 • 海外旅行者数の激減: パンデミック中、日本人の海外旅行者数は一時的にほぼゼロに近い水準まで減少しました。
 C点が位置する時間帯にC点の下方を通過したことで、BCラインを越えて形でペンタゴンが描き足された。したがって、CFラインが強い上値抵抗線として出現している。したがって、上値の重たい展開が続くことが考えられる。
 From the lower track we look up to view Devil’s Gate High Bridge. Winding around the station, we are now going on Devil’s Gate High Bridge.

---

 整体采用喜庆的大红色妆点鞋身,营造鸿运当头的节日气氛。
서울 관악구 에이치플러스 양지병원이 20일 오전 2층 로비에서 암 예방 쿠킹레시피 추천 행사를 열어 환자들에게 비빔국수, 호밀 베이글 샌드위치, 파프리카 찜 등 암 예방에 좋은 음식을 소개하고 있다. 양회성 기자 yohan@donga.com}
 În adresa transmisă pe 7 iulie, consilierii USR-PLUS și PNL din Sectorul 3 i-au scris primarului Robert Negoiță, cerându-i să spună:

---

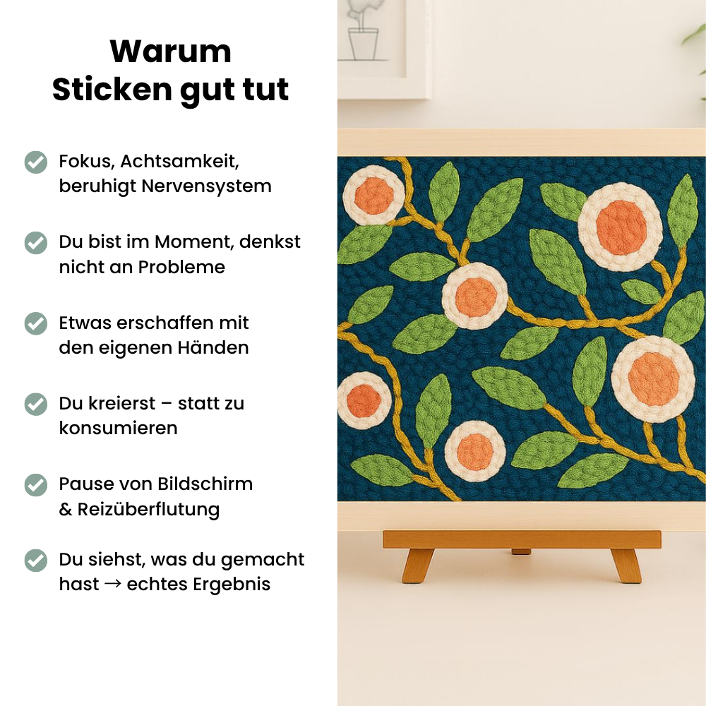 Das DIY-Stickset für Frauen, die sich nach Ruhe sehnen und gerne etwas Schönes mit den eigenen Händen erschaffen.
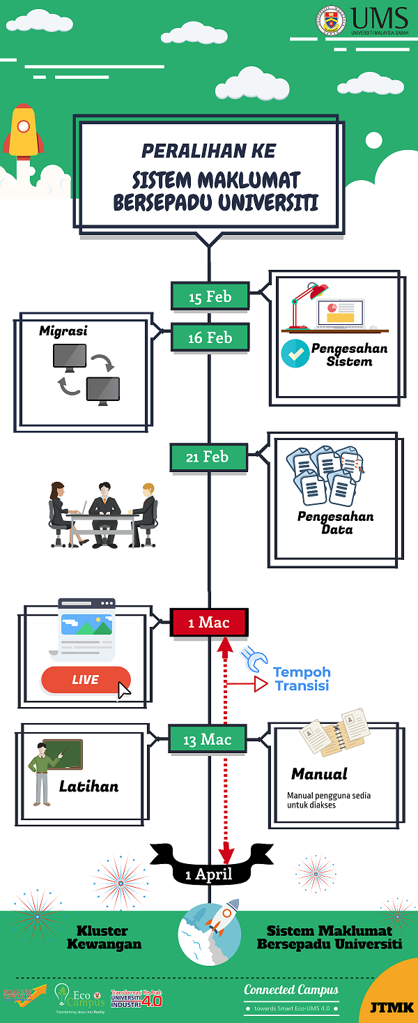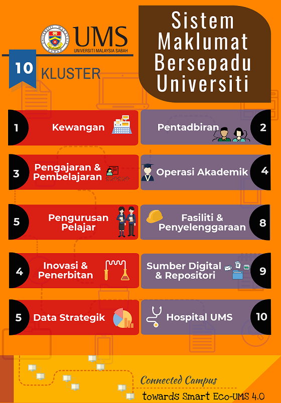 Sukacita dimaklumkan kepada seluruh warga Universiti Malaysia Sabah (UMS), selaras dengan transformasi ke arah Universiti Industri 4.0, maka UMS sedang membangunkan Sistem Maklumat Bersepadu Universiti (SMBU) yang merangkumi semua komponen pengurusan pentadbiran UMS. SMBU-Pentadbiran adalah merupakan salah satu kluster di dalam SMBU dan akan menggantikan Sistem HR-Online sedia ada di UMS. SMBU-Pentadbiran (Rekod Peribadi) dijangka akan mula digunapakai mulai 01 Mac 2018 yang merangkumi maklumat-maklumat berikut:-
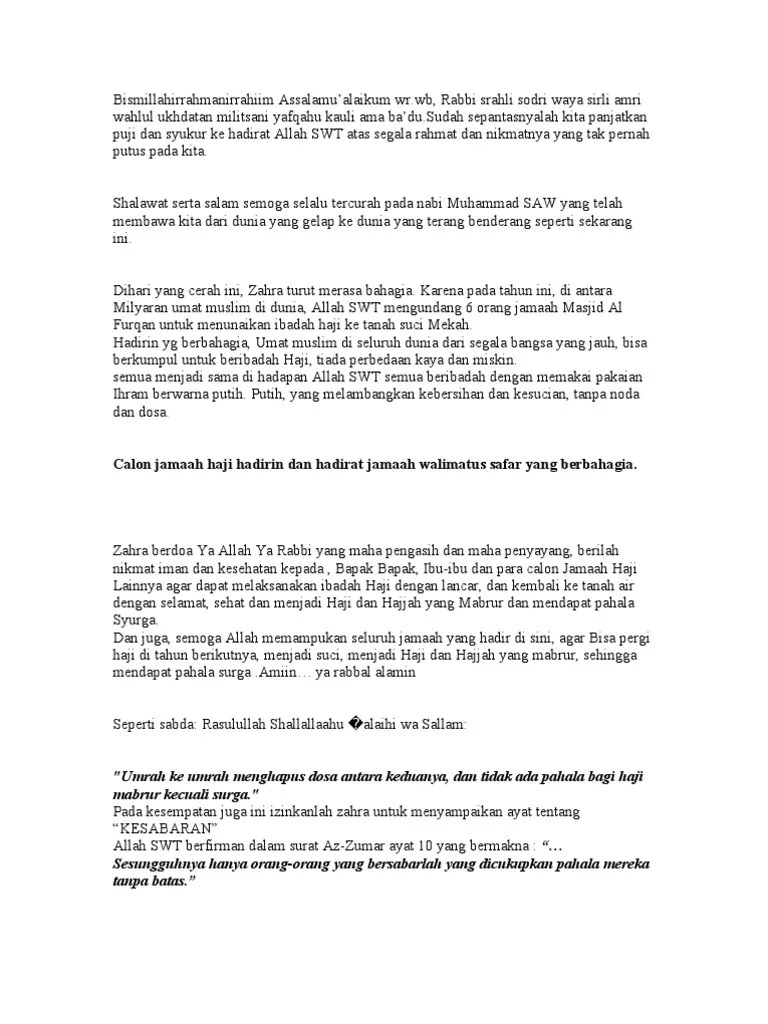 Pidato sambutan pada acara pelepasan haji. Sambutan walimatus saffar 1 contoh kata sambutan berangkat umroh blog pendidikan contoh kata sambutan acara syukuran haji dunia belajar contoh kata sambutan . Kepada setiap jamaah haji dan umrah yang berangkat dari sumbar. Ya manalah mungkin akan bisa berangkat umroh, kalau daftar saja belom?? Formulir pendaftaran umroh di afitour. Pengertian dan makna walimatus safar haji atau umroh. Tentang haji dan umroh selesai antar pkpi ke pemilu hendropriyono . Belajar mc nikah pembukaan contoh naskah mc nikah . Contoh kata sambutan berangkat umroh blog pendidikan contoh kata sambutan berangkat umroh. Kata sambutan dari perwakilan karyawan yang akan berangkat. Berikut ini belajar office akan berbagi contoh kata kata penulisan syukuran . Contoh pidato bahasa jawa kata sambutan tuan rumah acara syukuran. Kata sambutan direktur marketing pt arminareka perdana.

PROBLEM TO WORK ON: Return only the stretch of the material above from the line holding "C点が位置する時間帯にC点の" through the line holding "From the lower", copied exactly.

ANSWER SECTION:
 C点が位置する時間帯にC点の下方を通過したことで、BCラインを越えて形でペンタゴンが描き足された。したがって、CFラインが強い上値抵抗線として出現している。したがって、上値の重たい展開が続くことが考えられる。
 From the lower track we look up to view Devil’s Gate High Bridge. Winding around the station, we are now going on Devil’s Gate High Bridge.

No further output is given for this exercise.